Scientists have successfully sequenced the entire genome of a human fetus using a blood sample from the mother and a saliva sample from the father, according to a study published Wednesday.
The non-invasive test could lead down the road to a “vastly comprehensive” prenatal genetic screening that could scan for more than 3000 Mendelian disorders, such as Down syndrome, Huntington’s disease, and cystic fibrosis, the study researchers said.
“This opens up the possibility of prenatally diagnosing a much broader range of genetic conditions,” researcher Dr. Jay Shendure, associate professor of genome sciences at the University of Washington, told FoxNews.com. “There are roughly 3000 Mendelian disorders for which we understand the genetic basis. Each of the diseases is incredibly rare, but collectively they account for one percent of new births.”

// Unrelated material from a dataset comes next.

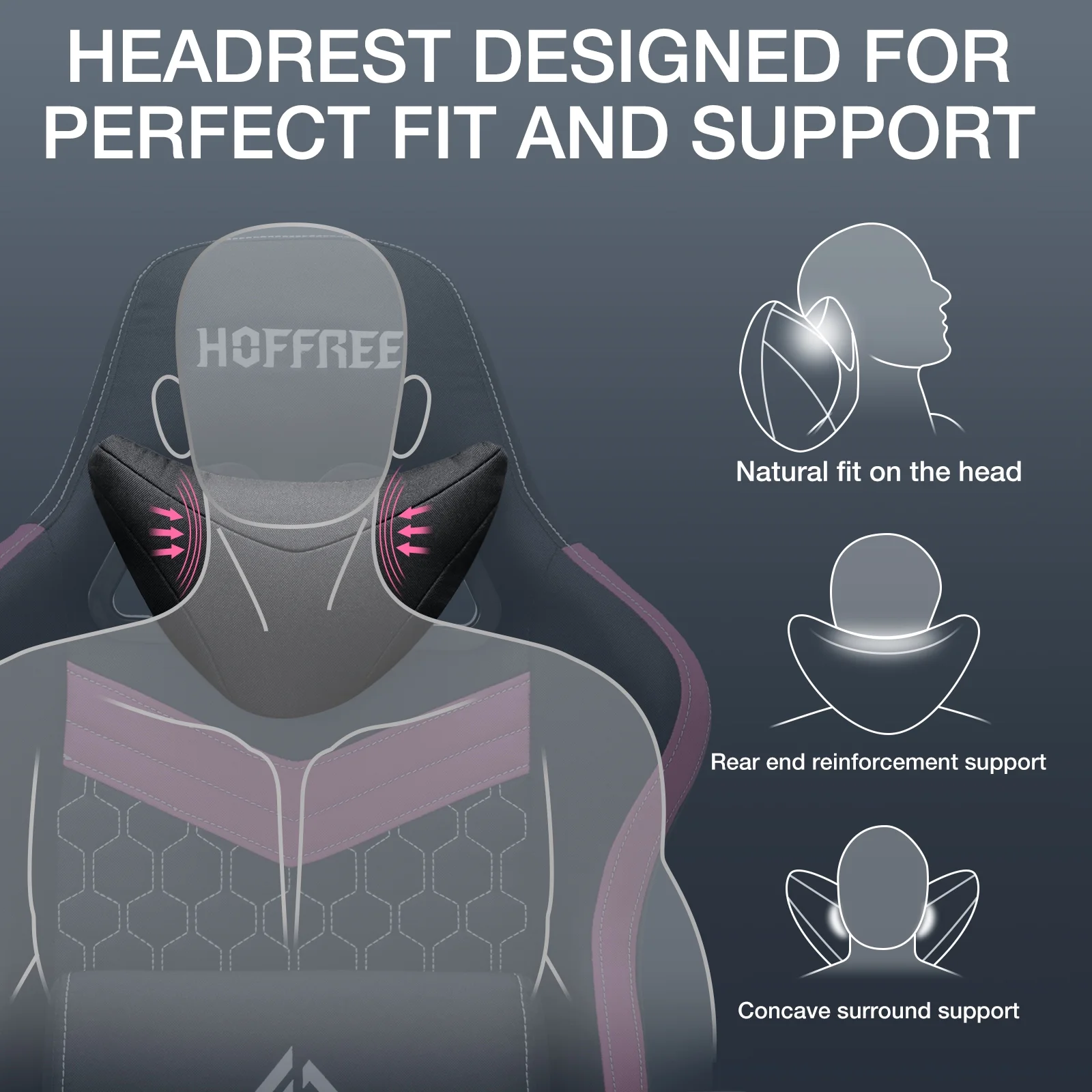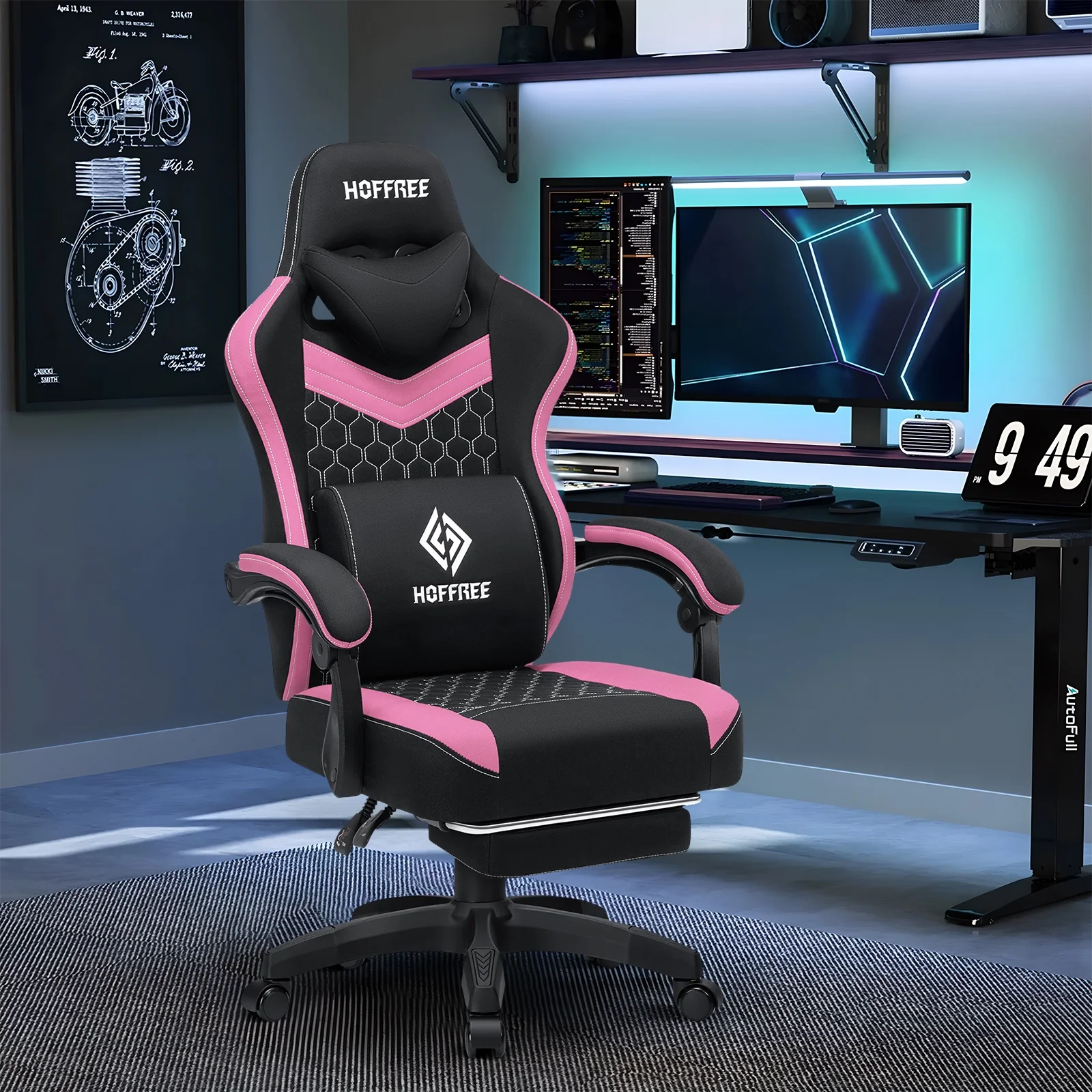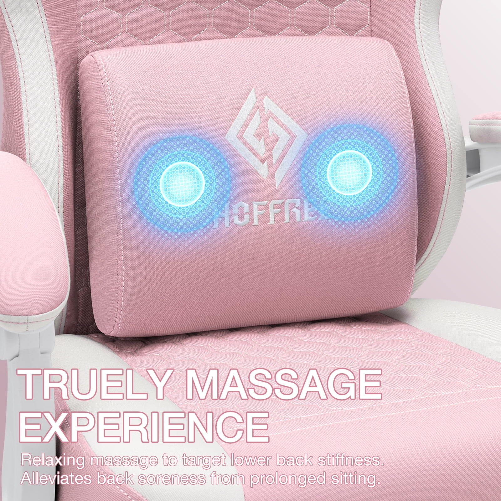 The built-in two-point vibration massage in the lumbar cushion of the gaming chair provides targeted relief to the lower back, helping reduce muscle tension and improve posture during long gaming or work.

In addition, by sequencing very deeply, the researchers were able to detect ‘de novo’ or brand new mutations in the fetus that were not present in the mother or father. De novo mutations are the basis of a substantial proportion of genetic disorders, such as autism spectrum disorders and epilepsy, making it critical to search for them as part of a comprehensive screening, the researchers said.
The test was conducted 18 weeks into couples’ pregnancies, and proved to be approximately 98 percent accurate in predicting Mendelian disorders. It also detected 39 of a baby’s 44 de novo mutations.
“Papers a few years ago from different groups showed this could be possible, but they lacked the haplotype [genetic] technology,” Shendure said.
The researchers said new developments in technology allowed them to assess more subtle variations in the fetus’ genome, down to “a minute, one letter change in the DNA code.”
“The improved resolution is like going from being able to see that two books are stuck together to being able to notice one word misspelled on a page,” study co-leader Jacob Kitzman, a National Science Foundation Graduate Research Fellow, said in a statement.
Currently, doctors use invasive testing such as amniocentesis or chorionic villus sampling, in which a needle takes tissue from the womb, to test for certain genetic disorders. The tests are associated with certain risks – even increased chances of fetal loss.
“There are many instances where women have invasive testing for a specific genetic disorder,” Shendure said, “but there could be a single non-invasive test that encompasses all of those scenarios. Most women would opt for the non-invasive test, I think.”
Shendure added the test would need to be refined – and researchers would need to learn how to better interpret the vast amount of genetic data – before this type of screening could be available to the public.
The study was published in the journal Science Translational Medicine.